**WHAT YOU ARE ASKED TO DO**
All of the data that follows should be given again exactly, without its images.

**DATA SHOWN**

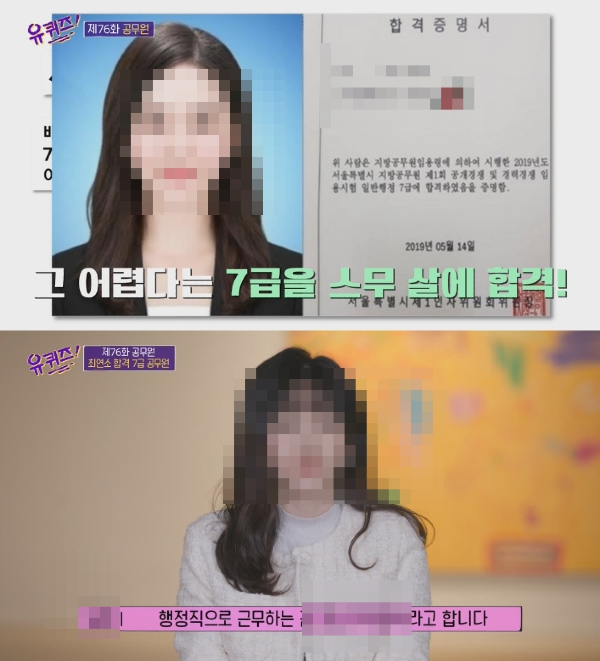한편 A씨는 '유 퀴즈 온 더 블럭'에 출연해 만 20세의 나이로 7급공무원에 합격한 수기를 공개해 세간의 주목을 끌었다.
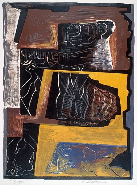 David Michael Hinnebusch made this piece, "Nipple Ring," with what looks like mixed media on paper, and he's not afraid of a little mess. The colors here are bold and juicy: reds, oranges, blues, all colliding like thoughts in your head when you're trying to make sense of something. There’s a real push and pull between abstraction and figuration. You can almost make out a body, maybe, or is it just a feeling of a body? Look how the reds bleed into the blues, creating these hazy edges. It’s like Hinnebusch is inviting us into his process, showing us the messy, beautiful struggle of trying to capture something real. That little white ring on the left, the nipple ring itself, feels almost like an afterthought, a tiny detail in a much larger emotional landscape. It's like Guston’s late work, all raw feeling and unapologetic honesty. Art isn’t about answers, it's about the questions.
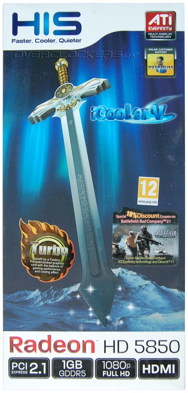 Младший HIS HD 5850 iCooler V, работающий на стандартных частотах, кроме этих самых частот ничем и не отличается от Turbo-версии. Неплохая недорогая карта. Немного шумновата, но это легко решается единоразовой настройкой профиля управления вентилятором в MSI Afterburner. Разгон тоже очень скромный.
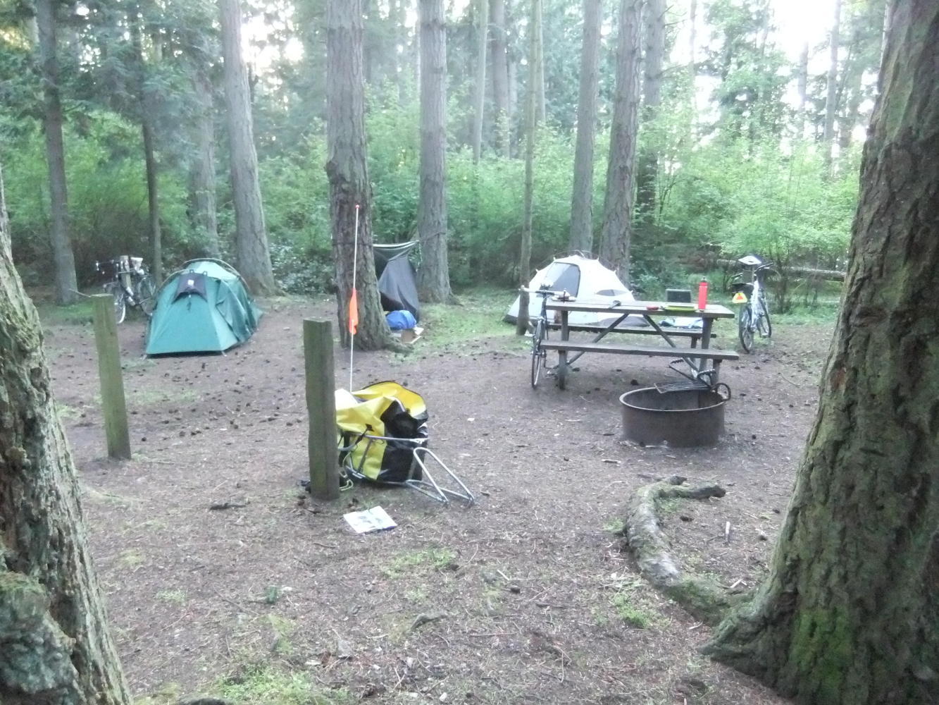 After eventually tracking down a shop to buy a decent map of the San Juan Islands, I made my way to the Washington Park Campground. Being unwilling to spend $17 on a site, I found another person alone on one and we agreed to share it, he was Thomas, who is preparing a yacht to sail to Oregon and then live on, and had slung a hammock between 2 trees to sleep on. Shortly afterwards Neil, a fellow crazyguy and his wife Janice also joined us. They had just returned from a week touring the San Juan's and were full of useful tips and advice. Again, what could have been a quiet night alone was quickly transformed into a great time with strangers who soon became friends.

**FINISHED EXERCISE**
한편 A씨는 '유 퀴즈 온 더 블럭'에 출연해 만 20세의 나이로 7급공무원에 합격한 수기를 공개해 세간의 주목을 끌었다.
 David Michael Hinnebusch made this piece, "Nipple Ring," with what looks like mixed media on paper, and he's not afraid of a little mess. The colors here are bold and juicy: reds, oranges, blues, all colliding like thoughts in your head when you're trying to make sense of something. There’s a real push and pull between abstraction and figuration. You can almost make out a body, maybe, or is it just a feeling of a body? Look how the reds bleed into the blues, creating these hazy edges. It’s like Hinnebusch is inviting us into his process, showing us the messy, beautiful struggle of trying to capture something real. That little white ring on the left, the nipple ring itself, feels almost like an afterthought, a tiny detail in a much larger emotional landscape. It's like Guston’s late work, all raw feeling and unapologetic honesty. Art isn’t about answers, it's about the questions.
 Младший HIS HD 5850 iCooler V, работающий на стандартных частотах, кроме этих самых частот ничем и не отличается от Turbo-версии. Неплохая недорогая карта. Немного шумновата, но это легко решается единоразовой настройкой профиля управления вентилятором в MSI Afterburner. Разгон тоже очень скромный.
 After eventually tracking down a shop to buy a decent map of the San Juan Islands, I made my way to the Washington Park Campground. Being unwilling to spend $17 on a site, I found another person alone on one and we agreed to share it, he was Thomas, who is preparing a yacht to sail to Oregon and then live on, and had slung a hammock between 2 trees to sleep on. Shortly afterwards Neil, a fellow crazyguy and his wife Janice also joined us. They had just returned from a week touring the San Juan's and were full of useful tips and advice. Again, what could have been a quiet night alone was quickly transformed into a great time with strangers who soon became friends.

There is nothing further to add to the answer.